No surge, no off-DF ride



RaleighNick said:


> I understand that interpretation, but in a legal sense, discriminate can mean anything. I suppose they would at least be understanding of that and take it into account if they're looking at cancellations or whatever.
> Good to know. Ive heard of drivers in my market getting rides to destinations over 2 hours away, there's no time when I work when I would be able to do that. I assume most pax would understand and not complain based on that far of a ride. Then again, I've not been doing this long and am already surprised at what pax will get upset about.


Nobody cares what pax think. Not in the slightest.

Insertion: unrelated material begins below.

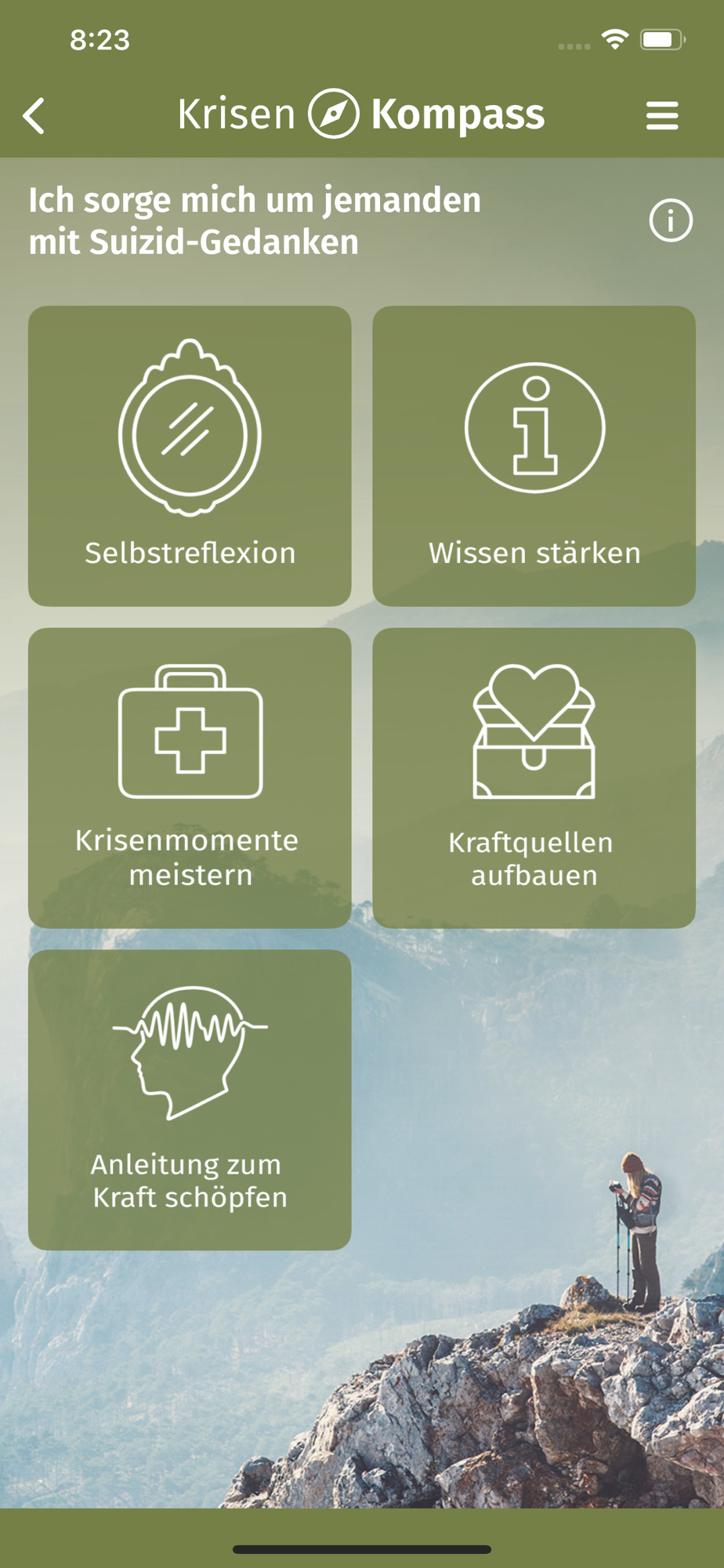 Zu allen Facetten rund ums Thema Suizid finden Nutzer der APP Mädchen und Jungen, Frauen und Männer Hilfe zur Selbsthilfe, wertvolles Wissen und Unterstützung in akuten Krisensituationen:
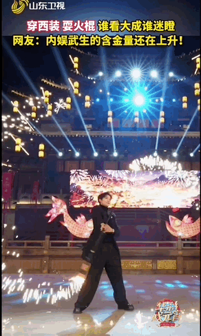 现场,郑业成还体验非遗火棍表演,这段表演已在网上引发热议。

Your car your schedule your health your safety.... if youre timid tell em you gotta go #2 sooo~ sorry~ kthxbai when you dont feel like it or cant


----------



## Woohaa (Jan 15, 2017)

Only had that happen once. The passengers got in and when I saw that the trip would take over an hour in rush hour traffic I asked them to confirm the address. They did & I said I wasn't driving that far. Then I explained that they wouldn't be charged if they cancelled immediately. They quickly exited and cancelled. I drove off. No problems.


----------



## Bpr2 (Feb 21, 2017)

SRGuy said:


> Get a bluetooth headset and call every pax. If they don't answer, don't tell you their destination or you don't like the destination, thank them. And then can cancel and move on. Acceptance rate and cancellation rate aren't currently being used for Quest so make the best decision for your business.


I've heard of drivers being deactivated when pax complain about being told no due to destination.


----------



## wb6vpm (Mar 27, 2016)

Bpr2 said:


> I've heard of drivers being deactivated when pax complain about being told no due to destination.


That would be basically an instantly losing lawsuit for Uber, since we are an IC, and not to mention, they specifically say in their help area that you can cancel for a ride being too far for you to go.


----------



## Bpr2 (Feb 21, 2017)

wb6vpm said:


> That would be basically an instantly losing lawsuit for Uber, since we are an IC, and not to mention, they specifically say in their help area that you can cancel for a ride being too far for you to go.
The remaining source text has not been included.